SEE I over think this stuff, when trying not to come across as clingy I seem to come across as distant - I don't know this stuff - I often think I have aspergers

----------


## L

> IDK really, because I think ever since I was little, I try to resist falling asleep. If I could stay awake 24/7, I think I would LOVE it! I've always, my whole life, had this feeling that I will miss out on something if I fall asleep too early.....I've never been able to figure out what the hell that means; I'm sure it means something....



I would be so much more productive if I didn't have to sleep....

----------


## Chopin12

i hope someone doesnt molest me

----------


## Tinkerbell

How good it feels to finally stretch out and turn my brain off.

----------


## mightypillow

What did I eat that day
Do I feel like going to class in the morning
And the rest is fantasy land

----------


## Dane

I honestly have no idea.  There's nothing that I habitually think about.

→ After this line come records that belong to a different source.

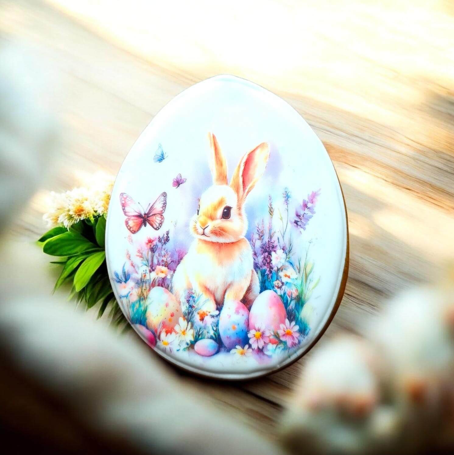 Šis kiaušinio formos velykinis meduolis dekoruotas lengva, akvarelinio stiliaus iliustracija – zuikutis tarp pavasario gėlių, margučių ir subtilių drugelių. Pasteliniai atspalviai, švelnios spalvos ir daug šviesos sukuria estetišką, harmoningą šventės įspūdį.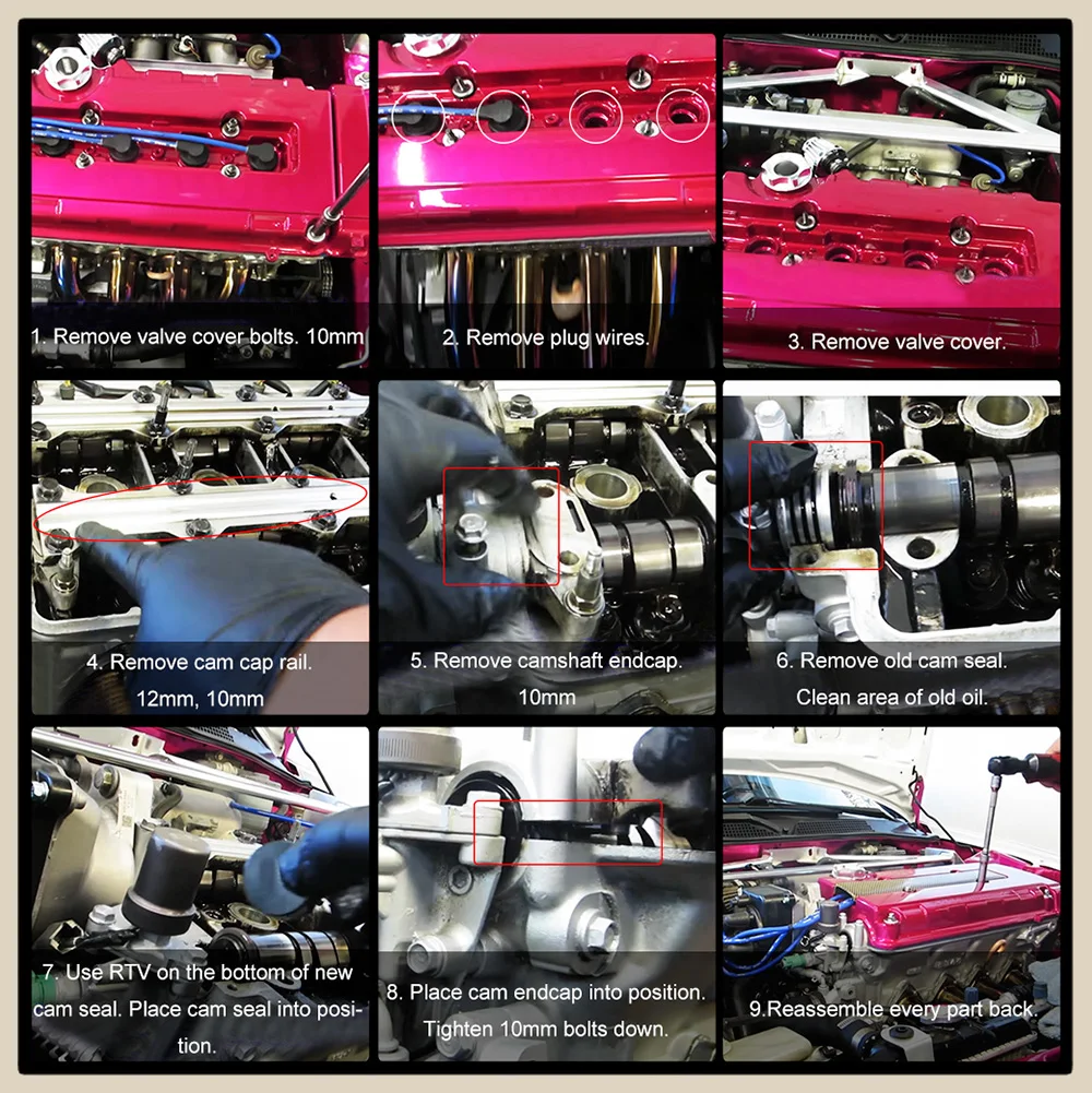 • 5. Удалите торцевые колпачки распределительного вала. (Болты 10 мм)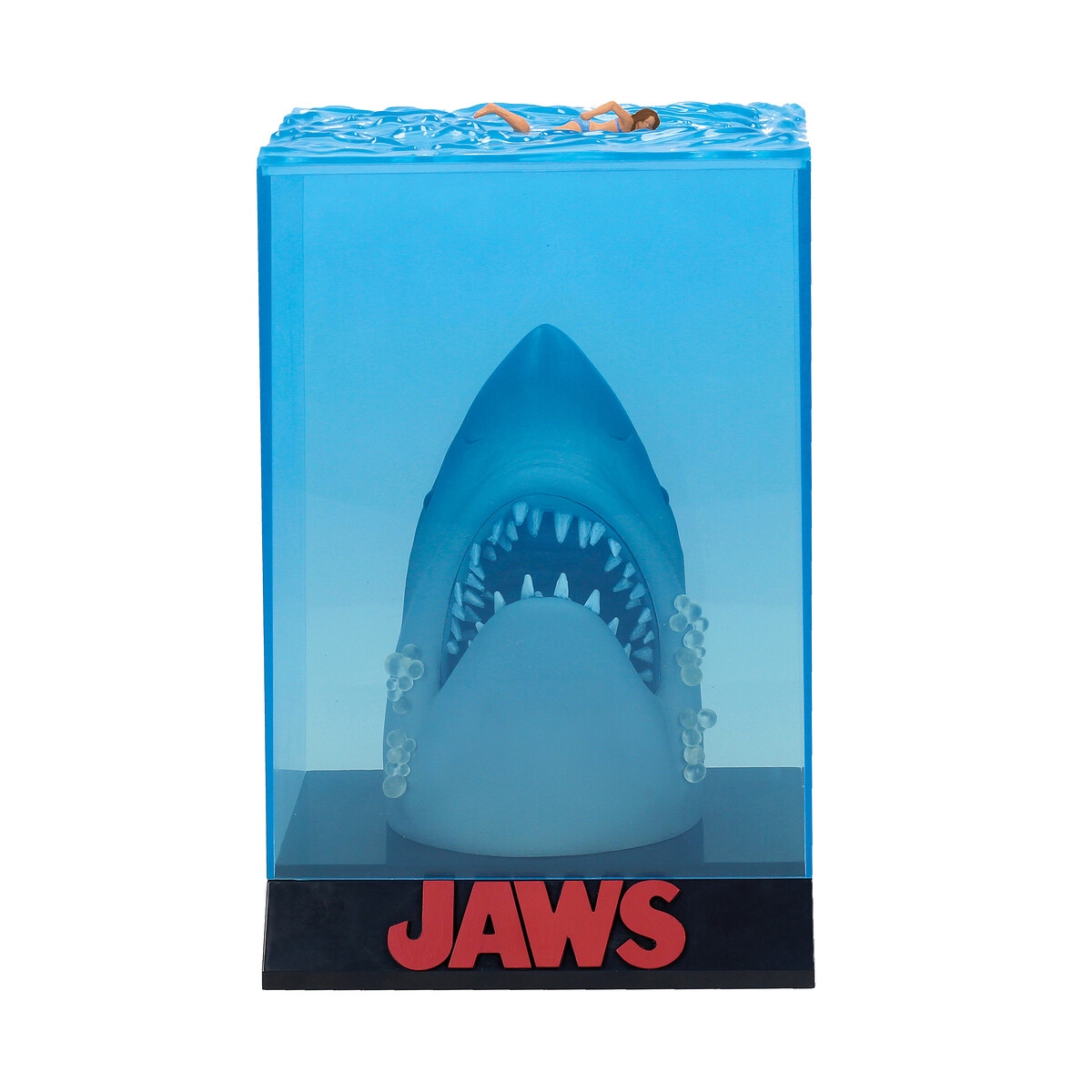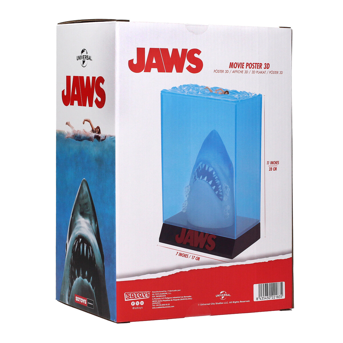 ¡Sumérgete en el terror clásico con nuestra figura coleccionable de «Jaws»! Esta impresionante pieza, con medidas de 26 cm x 17 cm x 10 cm, captura a la perfección la icónica escena del póster de la película, donde el gigantesco tiburón emerge de las profundidades para atacar a una nadadora desprevenida. Hecha con materiales de alta calidad, esta figura no solo es un tributo a la película que redefinió el género de thriller de monstruos, sino también un impresionante objeto de decoración para cualquier fanático del cine.Dirigida por Steven Spielberg y estrenada en 1975, «Jaws» se convirtió en un fenómeno cultural, estableciendo el modelo del éxito veraniego y generando una paranoia en torno a los tiburones que aún persiste. La película ganó tres premios Oscar y se ha mantenido como un referente en la historia del cine, conocida por su emocionante banda sonora compuesta por John Williams y su innovador uso de efectos especiales.Añade esta figura de «Jaws» a tu colección y revive el escalofrío cada vez que la veas. Ideal para exhibir en tu sala, oficina o espacio de entretenimiento, es un regalo perfecto para los amantes del cine clásico y del terror. ¡No pierdas la oportunidad de poseer un pedazo de historia cinematográfica y haz tu pedido hoy mismo!

Oh, except occasionally I feel thankful that I have a nice, warm, comfortable bed to sleep in.

----------


## Antidote

My mind often conjures thoughts of horror films I've seen in the past because I'm scared of the dark. So then I force myself to think of pleasant daydreams / fantasy. Then I transition into bizarre / nonsensical thoughts that I don't recall unless I jerk awake and realise I was drifting off and getting weird mental imagery or thinking something like 'the fish swam out the window'. Then I'm asleep.

----------


## VickieKitties

Masturbation, what a tedious chore.  :banana guy:

----------


## Lost Control Again

> Did I take my meds



that, every fuckin night!!!  ::(: 

on the plus side - check to see if there's an audio cd in the player to send me to sleep.

----------


## Koalafan

Usually really awful stuff. my mental state is at its worst right when Im trying to fall asleep...yay  ::(:

----------


## Sagan

My anxiety is usually really high before bed. I have racing thoughts. Everything from what happened that day, to what might happen tomorrow  and what could go wrong.

----------


## IllusionOfHappiness

Heh, even when I wake up in the night I check to make sure my alarm is set properly. I don't know why, because I don't even have anywhere to be. I guess I enjoy routines. Before I drift off, I try to imagine some pleasant scenario in hopes that I'll dream about it. I don't think it's ever worked, but I still do it every night.

----------


## life

eat some cereal, set alarm

----------


## GunnyHighway

"Damn this bed is comfy, yet empty."

Or panicking about the following day if I have something stressful coming up.

----------


## ohaiicasper

...every stupid thing I have ever done in life.

----------


## Bean the Mean

cant I fall asleep yet? ffs!

----------


## Chantellabella

Since I'm usually reading or watching reruns of something on TV, my brain usually just flat lines into fuzzy. 

If I actually tried to think before going to bed, I would never sleep.

----------


## Otherside

> cant I fall asleep yet? ffs!



This, half the time, I'm usually just lying awake wondering how the rest of my family can fall asleep the second there head hits the pillow...

----------


## billius

My thoughts turn to a dangerous existentialism wondering a certain why and certain why not then how much a chore wanking is, also a reassuring myself that it's ok and i'll wake up in an instant(I have had a phobia of falling asleep)

----------


## molokini25

What should I wear tomorrow? That is the only question that I can't get rid of my mind before going to bed.

----------


## Chantellabella

Don't..................want....................to.  .................fall.....................asle....  ...........

----------


## Arcadia

Usually what I plan to do the next day..or whatever I put off doing that day, I reassure myself that I'll get to it tomorrow.

----------